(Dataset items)
——

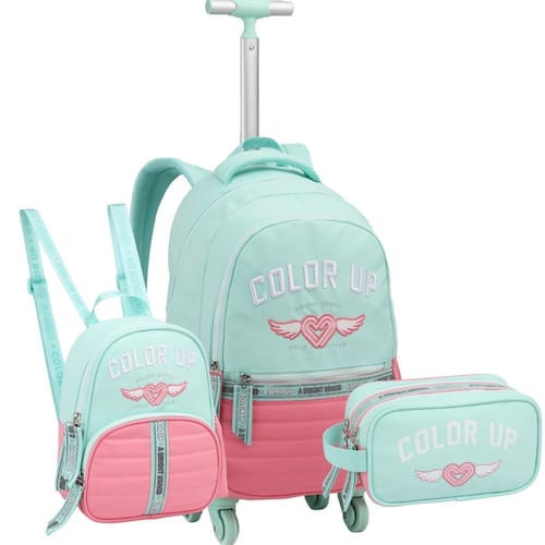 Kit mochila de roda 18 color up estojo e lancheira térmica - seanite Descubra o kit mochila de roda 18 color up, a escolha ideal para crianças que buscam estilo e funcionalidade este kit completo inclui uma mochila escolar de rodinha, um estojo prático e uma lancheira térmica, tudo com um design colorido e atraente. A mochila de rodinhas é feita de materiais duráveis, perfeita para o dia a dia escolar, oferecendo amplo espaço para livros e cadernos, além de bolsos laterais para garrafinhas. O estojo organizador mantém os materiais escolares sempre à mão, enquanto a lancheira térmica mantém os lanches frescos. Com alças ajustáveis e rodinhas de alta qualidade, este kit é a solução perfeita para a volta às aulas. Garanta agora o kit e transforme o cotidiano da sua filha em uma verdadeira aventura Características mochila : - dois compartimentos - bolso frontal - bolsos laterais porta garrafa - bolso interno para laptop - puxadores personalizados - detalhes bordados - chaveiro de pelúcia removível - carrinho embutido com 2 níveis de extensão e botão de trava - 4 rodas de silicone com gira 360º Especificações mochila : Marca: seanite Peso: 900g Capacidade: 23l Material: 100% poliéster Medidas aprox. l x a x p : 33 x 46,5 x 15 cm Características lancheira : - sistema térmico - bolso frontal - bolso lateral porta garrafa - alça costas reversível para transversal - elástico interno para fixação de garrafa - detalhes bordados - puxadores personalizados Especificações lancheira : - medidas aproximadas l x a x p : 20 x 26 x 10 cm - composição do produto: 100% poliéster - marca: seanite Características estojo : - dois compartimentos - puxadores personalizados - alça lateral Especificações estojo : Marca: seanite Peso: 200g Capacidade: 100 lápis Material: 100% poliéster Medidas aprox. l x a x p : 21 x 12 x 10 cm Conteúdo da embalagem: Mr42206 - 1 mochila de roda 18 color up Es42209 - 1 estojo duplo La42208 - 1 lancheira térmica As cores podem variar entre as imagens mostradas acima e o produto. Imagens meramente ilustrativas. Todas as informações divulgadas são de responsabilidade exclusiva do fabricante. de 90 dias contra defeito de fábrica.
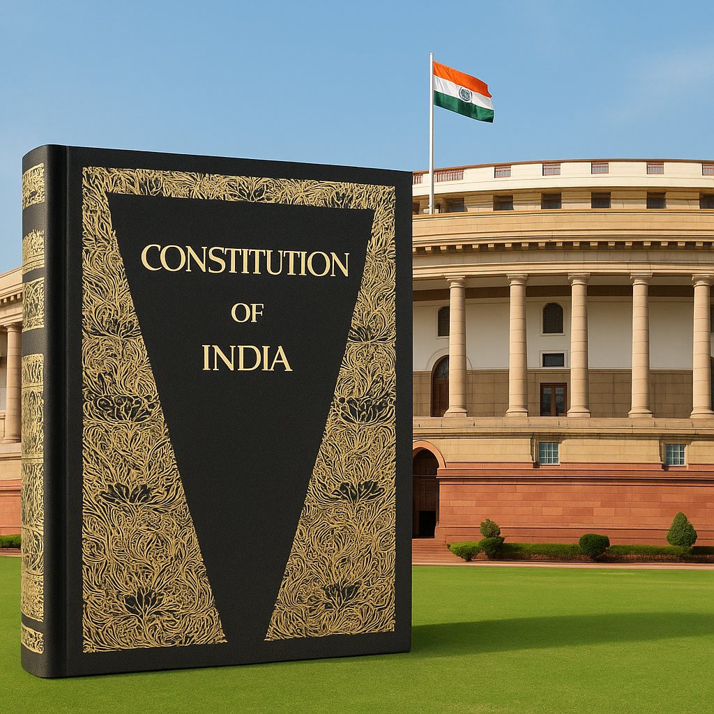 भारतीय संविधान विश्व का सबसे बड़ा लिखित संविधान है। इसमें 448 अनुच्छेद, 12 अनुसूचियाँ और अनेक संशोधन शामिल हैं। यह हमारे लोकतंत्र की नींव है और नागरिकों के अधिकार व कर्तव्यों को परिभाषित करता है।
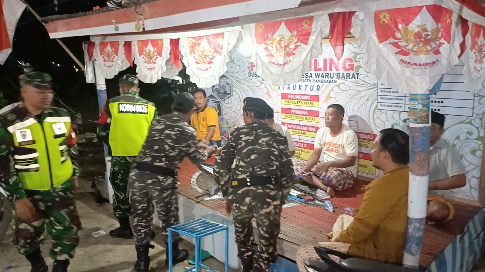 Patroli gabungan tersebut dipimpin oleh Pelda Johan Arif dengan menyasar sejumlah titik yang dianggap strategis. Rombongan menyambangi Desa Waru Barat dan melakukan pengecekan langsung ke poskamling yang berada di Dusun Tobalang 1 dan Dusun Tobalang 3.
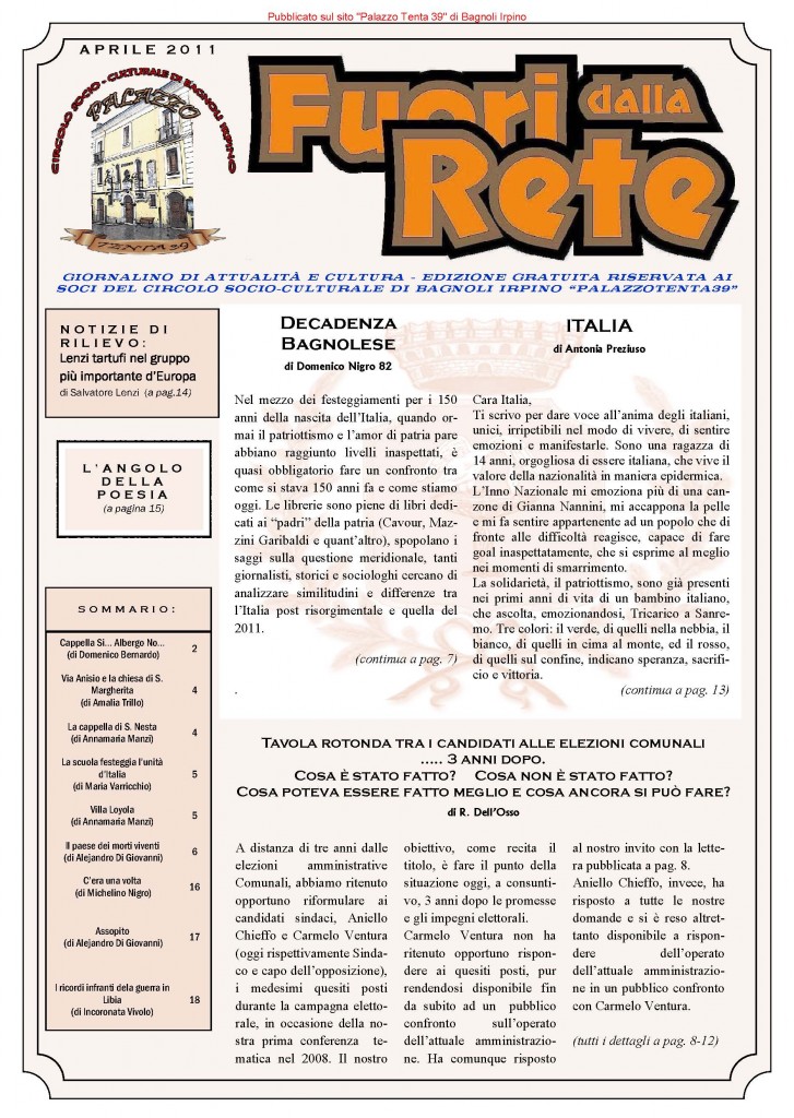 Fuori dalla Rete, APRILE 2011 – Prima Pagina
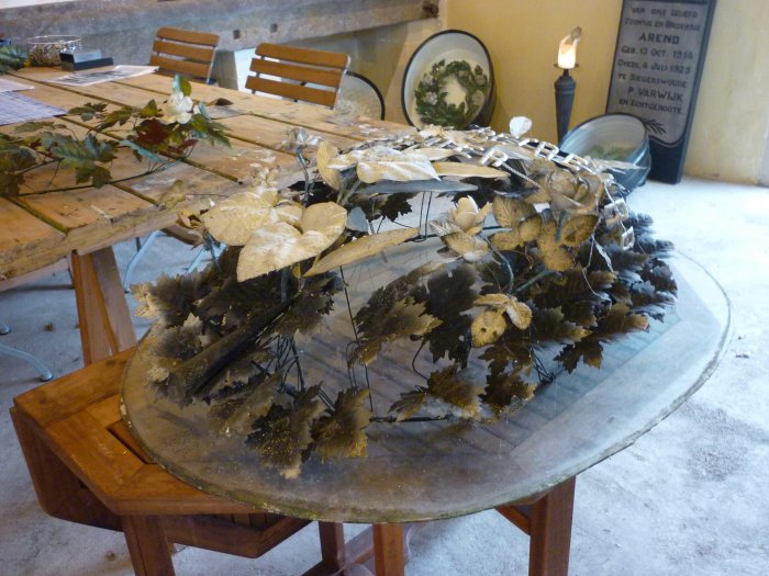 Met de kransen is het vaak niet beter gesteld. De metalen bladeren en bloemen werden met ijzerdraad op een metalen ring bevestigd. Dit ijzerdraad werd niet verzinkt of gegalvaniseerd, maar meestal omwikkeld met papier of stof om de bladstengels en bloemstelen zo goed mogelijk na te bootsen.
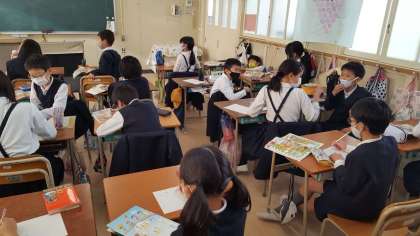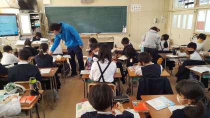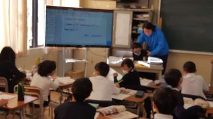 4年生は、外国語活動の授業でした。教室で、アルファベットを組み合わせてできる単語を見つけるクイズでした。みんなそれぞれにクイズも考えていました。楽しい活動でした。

——

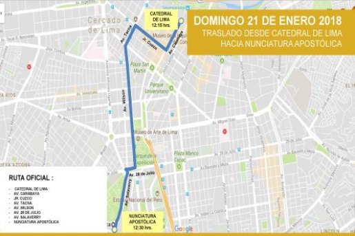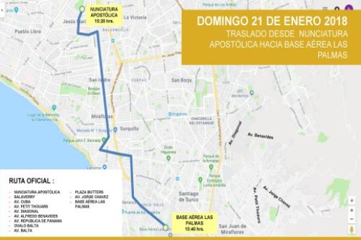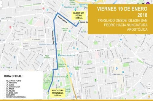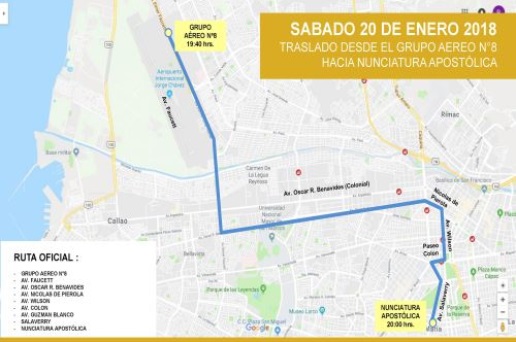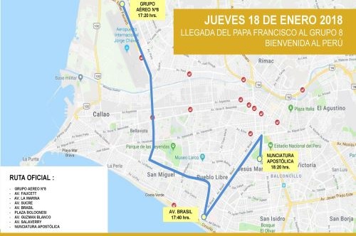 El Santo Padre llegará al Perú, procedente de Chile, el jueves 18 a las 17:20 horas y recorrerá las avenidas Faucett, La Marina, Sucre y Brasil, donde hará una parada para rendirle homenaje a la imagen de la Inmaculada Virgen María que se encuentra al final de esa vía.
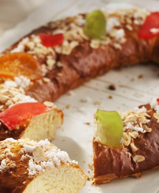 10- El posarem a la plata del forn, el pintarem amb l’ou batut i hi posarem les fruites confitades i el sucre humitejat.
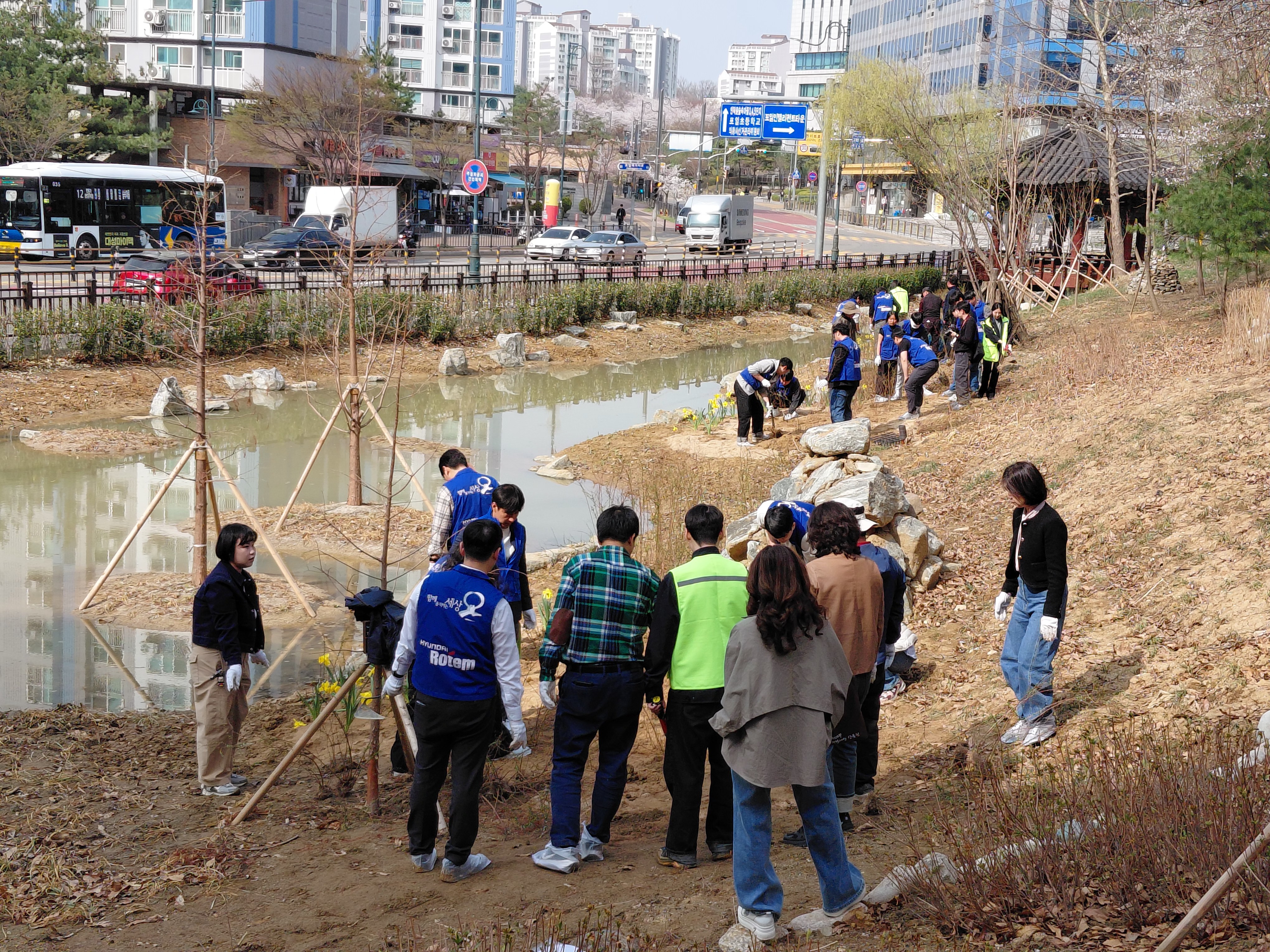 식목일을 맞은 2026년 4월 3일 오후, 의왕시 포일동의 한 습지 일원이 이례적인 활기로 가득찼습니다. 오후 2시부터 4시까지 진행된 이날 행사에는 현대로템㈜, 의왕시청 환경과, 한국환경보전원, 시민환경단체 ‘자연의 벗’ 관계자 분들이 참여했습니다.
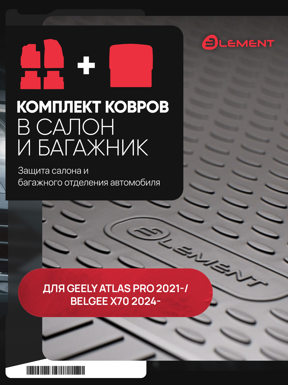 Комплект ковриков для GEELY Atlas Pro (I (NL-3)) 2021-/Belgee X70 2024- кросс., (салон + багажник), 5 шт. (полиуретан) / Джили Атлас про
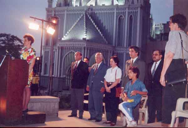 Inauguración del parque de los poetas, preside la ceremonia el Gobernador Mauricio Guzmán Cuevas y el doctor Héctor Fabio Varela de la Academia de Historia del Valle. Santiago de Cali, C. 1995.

——

* _Task goal_:
Set down again, word for word, every line from the one with "Комплект ковриков для" to the one with "Inauguración del parque" in the entries above, and omit the pictures.

* _Answer space_:
 Комплект ковриков для GEELY Atlas Pro (I (NL-3)) 2021-/Belgee X70 2024- кросс., (салон + багажник), 5 шт. (полиуретан) / Джили Атлас про
 Inauguración del parque de los poetas, preside la ceremonia el Gobernador Mauricio Guzmán Cuevas y el doctor Héctor Fabio Varela de la Academia de Historia del Valle. Santiago de Cali, C. 1995.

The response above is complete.